I loved visiting Japan. I loved visiting when the hornets were not out in force. I still do not understand why people in the most heavily infested regions are not issued flamethrowers upon reaching the age of majority.
posted by Hactar at 8:28 AM on March 6, 2017 [2 favorites]


These hot bee balls – they vibrate?
posted by Kabanos at 12:04 PM on March 6, 2017 [1 favorite]

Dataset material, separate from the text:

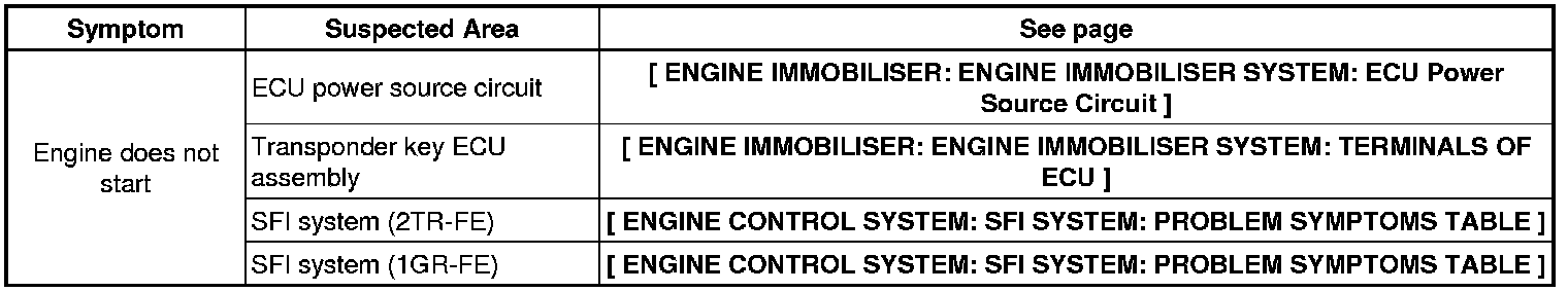 ENGINE IMMOBILISER: ENGINE IMMOBILISER SYSTEM: PROBLEM SYMPTOMS TABLE

I have mentioned this before but on January 1, 2015, I woke up to find a Japanese hornet in the room I was sleeping in. I woke up my wife and kids to get them out of the room and then returned to open a window and coax the thing out (dealing with insects is one of the things I'm responsible for in our family's division of labour).

I was too rushed to take a picture of it but it was huge. I learned about how Japanese bees deal with these things during breakfast that morning when I was reading the Wikipedia page on Japanese hornets. It was somewhat relieving to know that I had not had a brush with death that morning, just a brush with a lot of pain.
posted by any portmanteau in a storm at 12:12 PM on March 6, 2017


Thanks, that's literally one of my worst nightmares. (One that I've lived out with a yellowjacket before, so I can already imagine how much worse it'd be with a Japanese hornet or a tarantula hawk or something.)
posted by tobascodagama at 12:22 PM on March 6, 2017


Whoa! Such a low lethal temp. I've a wasp nest under the gas cap cover. Hmm. I also have an extension cord and a hair dryer.

That's not such a low lethal temp. I mean, humans wouldn't survive long under those conditions either. Organ failure kicks in in humans around 40C. We thermoregulate by sweating and I don't think there's a lot of evaporation going on inside a bee-ball. A chart on this questionably scientific page suggests that an hour at 46F would probably kill most humans in high humidity.